# Hilarious English Translation Of Carmen Synopsis From A Performance In Italy



## superhorn (Mar 23, 2010)

I've been reading the hilarious "Anguished English" books by language humorist Richard Lederer. Here's a priceless example of inexpert translation into English. It came from the program of a performance of Carmen in Genoa, the version for English-speaking people, that is.
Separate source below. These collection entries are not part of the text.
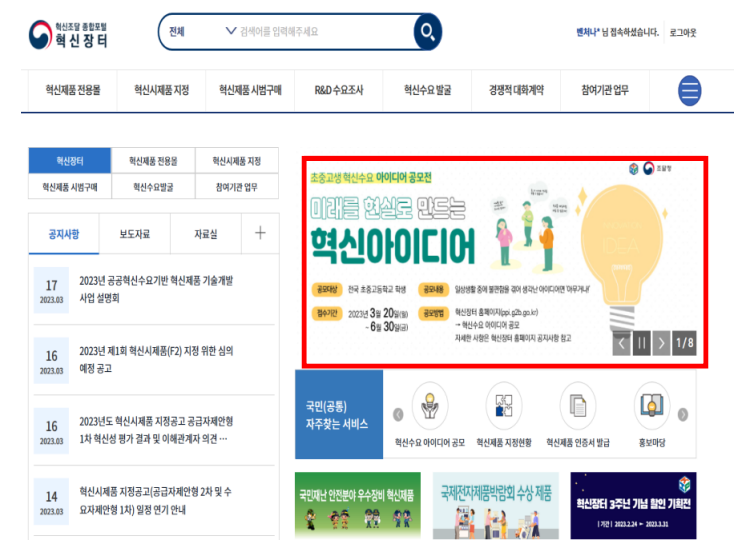 혁신장터 홈페이지에 접속하여 초중고생 혁신수요 아이디어 공모전 배너 클릭 후 접속합니다.
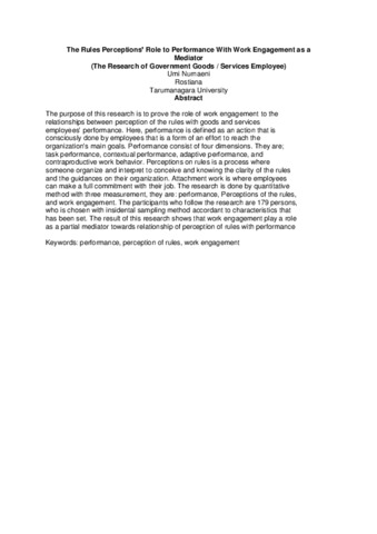 The purpose of this research is to prove the role of work engagement to the relationships between perception of the rules with goods and services employees’ performance. Here, performance is defined as an action that is consciously done by employees that is a form of an effort to reach the organization’s main goals. Performance consist of four dimensions. They are; task performance, contextual performance, adaptive performance, and contraproductive work behavior. Perceptions on rules is a process where someone organize and interpret to conceive and knowing the clarity of the rules and the guidances on their organization. Attachment work is where employees can make a full commitment with their job. The research is done by quantitative method with three measurement, they are: performance, Perceptions of the rules, and work engagement. The participants who follow the research are 179 persons, who is chosen with insidental sampling method accordant to characteristics that has been set. The result of this research shows that work engagement play a role asapartial mediator towardsrelationship ofperception of ruleswith performance
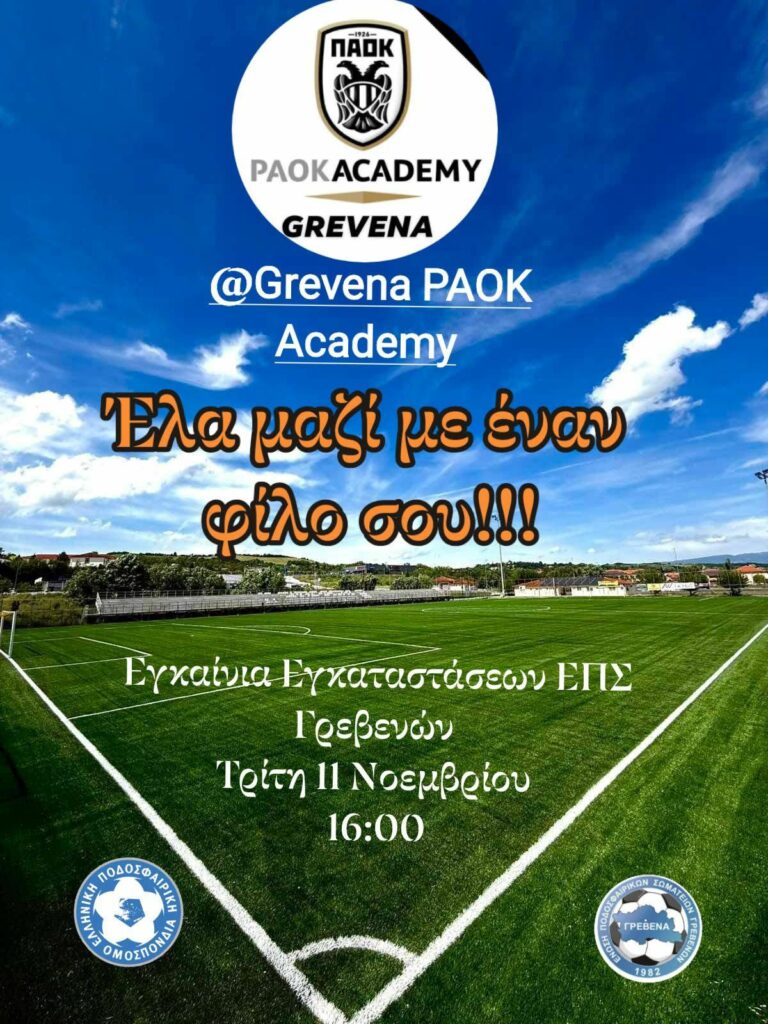 Η Grevena PAOK Academy ,στα πλαίσια των εγκαινίων των εγκαταστάσεων της ΕΠΣ Γρεβενών,καλεί όλους τους μικρούς αθλητές της περιοχής στα παιχνίδια που θα διεξαχθούν με στόχο να γνωρίσετε την Ακαδημία μας και τις νέες σύγχρονες εγκαταστάσεις που μας φιλοξενούν.

Act One :Carmen is a cigar makeress from a tabago factory who loves with Don Jose 
of the mounting guard.
Carmen takes a flower from her corsets and lances it to Don Jose (Duet: Talk me of my mother"). 
There is a noise inside the tabago factory and the revolting cigar- makeresses
bursts into the stage.
Carmen is arrested and Don Jose is ordered to mounting guard her but Carmen
subduces him and he lets her escape.

Act Four : A place in Seville . Procession of the balls -fighters the roaring of the balls
is heard in the arena.
Escamillo enters ( (Aria and chorus : "Toreador Toreador, all hails the balls of a
Toreador"),
Enter Don Jose : ( Aria : I do not threaten . I besooch you").
But Carmen repels him wants to join with Escamillo now chaired by the crowd.
Don Jose stabbs her (Aria : "Oh Rupture, Rupture , You May Arrest Me .
I did kill her") he sings .
"Oh my beautiful Carmen, my subductive Carmen "


:lol: :lol: :lol: :lol:


----------



## amfortas (Jun 15, 2011)

I finally understand _Carmen_.


----------



## Ukko (Jun 4, 2010)

amfortas said:


> I finally understand _Carmen_.


Yeah, a light in the darkness.


----------



## Almaviva (Aug 13, 2010)

"all hails the balls of a Toreador"
This is actually true, LOL


----------



## sospiro (Apr 3, 2010)

superhorn said:


> I've been reading the hilarious "Anguished English" books by language humorist Richard Lederer. Here's a priceless example of inexpert translation into English. It came from the program of a performance of Carmen in Genoa, the version for English-speaking people, that is.
> 
> Act One :Carmen is a cigar makeress from a tabago factory who loves with Don Jose
> of the mounting guard.
> ...


:lol:

I wouldn't say no to a bit of besooching


----------



## amfortas (Jun 15, 2011)

sospiro said:


> I wouldn't say no to a bit of besooching


You can have your besooching if I get to do my mounting guard.


----------



## GoneBaroque (Jun 16, 2011)

Reminds me of the synopsis of Carmen victor Borge did, where at the end of the Opera the angry Don Jose stabs her between the 
Two Trees.


----------